-- TASK INPUTS --
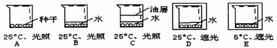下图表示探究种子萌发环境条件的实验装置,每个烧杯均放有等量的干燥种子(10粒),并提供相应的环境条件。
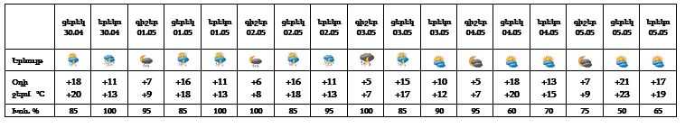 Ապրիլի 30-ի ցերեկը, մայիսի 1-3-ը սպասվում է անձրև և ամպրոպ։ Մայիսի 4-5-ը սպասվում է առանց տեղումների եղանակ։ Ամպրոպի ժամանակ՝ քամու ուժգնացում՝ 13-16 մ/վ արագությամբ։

--

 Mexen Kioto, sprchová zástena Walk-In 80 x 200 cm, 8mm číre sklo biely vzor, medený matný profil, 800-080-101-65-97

-- TASK STATEMENT --
Among the records above, locate the line containing "下图表示探究种子萌发环境条件" and the line containing "Ապրիլի 30-ի ցերեկը, մայիսի", then transcribe exactly the lines starting at the first and ending at the second, with no pictures.

-- SOLUTION BELOW --
下图表示探究种子萌发环境条件的实验装置,每个烧杯均放有等量的干燥种子(10粒),并提供相应的环境条件。
 Ապրիլի 30-ի ցերեկը, մայիսի 1-3-ը սպասվում է անձրև և ամպրոպ։ Մայիսի 4-5-ը սպասվում է առանց տեղումների եղանակ։ Ամպրոպի ժամանակ՝ քամու ուժգնացում՝ 13-16 մ/վ արագությամբ։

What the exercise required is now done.